Foundations of Flight—Head-Down Variations
Brought to you by AXIS Flight School Instructor Niklas Daniel at Skydive Arizona in Eloy. Photos by Brianne Thompson. For more information visit axisflightschool.com or search “Axis Flight School” on Facebook.
Increasing your stability and range in the head-down orientation by learning different leg positions.
Always make sure to face perpendicularly to the aircraft’s line of flight. Stay altitude aware; jumpers lose altitude very quickly when flying in the vertical orientation.
Regardless of your leg position, you should position your upper body so that you:
- Maintain a straight spine.
- Keep your head aligned with your spine. Fly on the crown of your head, not on your forehead. (To facilitate this, look straight at the horizon.)
- Relax your shoulders; do not shrug them toward your ears.
- Do not arch your chest.
- Engage your hips and slightly squeeze your rear.
- Keep your elbows a few inches away from your torso.
- Always keep your hands in front of your body and lower (in relation to your body) than your chest strap.
- Daffy: Position one leg in front of your body and bend the knee 90 degrees. Position one leg back and bend the knee about 45 degrees. Make sure to keep your hips square with your shoulders.
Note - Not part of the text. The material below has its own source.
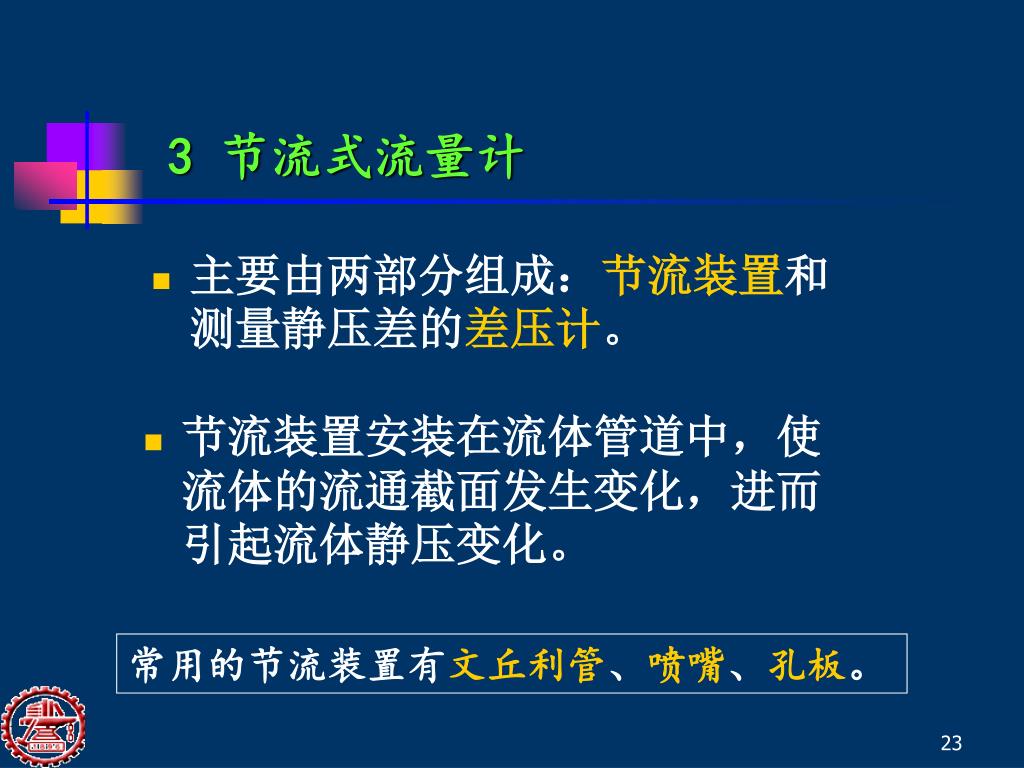 3 节流式流量计 • 主要由两部分组成:节流装置和测量静压差的差压计。 • 节流装置安装在流体管道中,使流体的流通截面发生变化,进而引起流体静压变化。 常用的节流装置有文丘利管、喷嘴、孔板。

When you practice, alternate which leg is forward—you’ll want to become proficient with both.
- Shelf: Bend both knees 90 degrees and press your heels firmly into the relative wind. Keep your knees about shoulder-width apart.
- Straddle: Keep your legs straight and your knees wider than shoulder width. Point your toes forward.
Do not try to feel the airflow on the palms of your hands. This can cause your elbows to roll in toward your torso and your chest to arch, which can compromise stability. Focus on keeping your fingers loose and feeling the airflow on the backs of your hands and forearms. Keep your elbows in front of your torso for all three leg orientations to promote a more efficient body position.